Task goal
Lines to return, exactly: from the line with "This Insignia 2.1" to the line with "本网站是亚洲易学界名师台湾何" in the entries below, both included.

Input records
***
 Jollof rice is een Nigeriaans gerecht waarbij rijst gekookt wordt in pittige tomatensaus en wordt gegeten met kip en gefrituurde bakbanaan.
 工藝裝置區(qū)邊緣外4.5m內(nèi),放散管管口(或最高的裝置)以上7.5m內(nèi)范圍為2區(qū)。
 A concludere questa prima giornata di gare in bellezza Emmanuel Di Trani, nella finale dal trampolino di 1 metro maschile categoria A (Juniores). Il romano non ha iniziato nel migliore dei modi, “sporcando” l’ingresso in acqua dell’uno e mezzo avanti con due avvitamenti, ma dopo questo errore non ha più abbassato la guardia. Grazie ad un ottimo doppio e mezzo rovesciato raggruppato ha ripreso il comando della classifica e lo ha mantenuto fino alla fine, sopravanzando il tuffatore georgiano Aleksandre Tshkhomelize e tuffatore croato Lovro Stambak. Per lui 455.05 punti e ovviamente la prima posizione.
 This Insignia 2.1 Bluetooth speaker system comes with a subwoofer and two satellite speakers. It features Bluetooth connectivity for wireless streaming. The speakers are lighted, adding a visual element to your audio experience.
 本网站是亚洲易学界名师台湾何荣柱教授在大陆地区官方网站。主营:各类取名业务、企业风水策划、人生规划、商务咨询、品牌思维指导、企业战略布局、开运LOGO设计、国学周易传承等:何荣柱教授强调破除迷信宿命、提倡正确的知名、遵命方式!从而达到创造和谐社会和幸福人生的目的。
***
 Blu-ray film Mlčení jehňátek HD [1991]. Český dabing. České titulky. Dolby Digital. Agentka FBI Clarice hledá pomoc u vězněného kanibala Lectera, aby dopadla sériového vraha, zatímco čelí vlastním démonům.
***
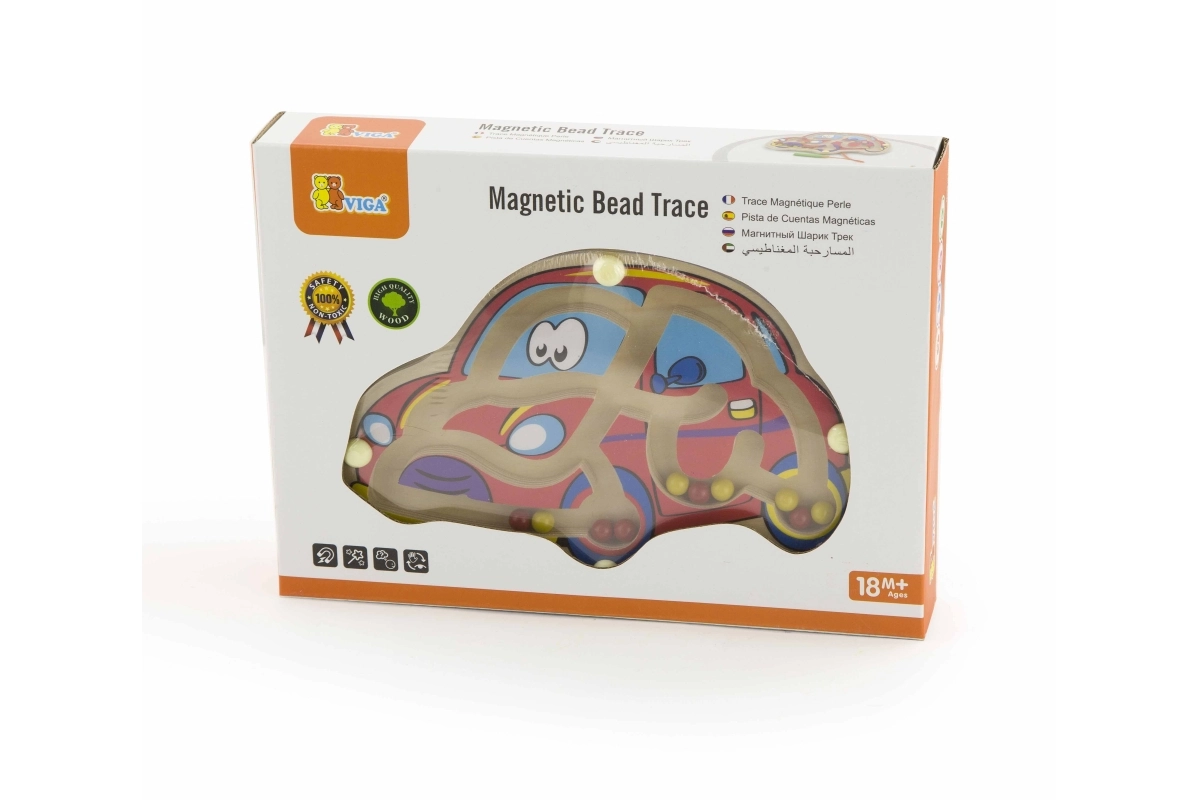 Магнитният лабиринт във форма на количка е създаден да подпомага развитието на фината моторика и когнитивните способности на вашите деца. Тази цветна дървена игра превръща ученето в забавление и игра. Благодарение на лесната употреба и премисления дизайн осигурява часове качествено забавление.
***
Answer to the exercise
 This Insignia 2.1 Bluetooth speaker system comes with a subwoofer and two satellite speakers. It features Bluetooth connectivity for wireless streaming. The speakers are lighted, adding a visual element to your audio experience.
 本网站是亚洲易学界名师台湾何荣柱教授在大陆地区官方网站。主营:各类取名业务、企业风水策划、人生规划、商务咨询、品牌思维指导、企业战略布局、开运LOGO设计、国学周易传承等:何荣柱教授强调破除迷信宿命、提倡正确的知名、遵命方式!从而达到创造和谐社会和幸福人生的目的。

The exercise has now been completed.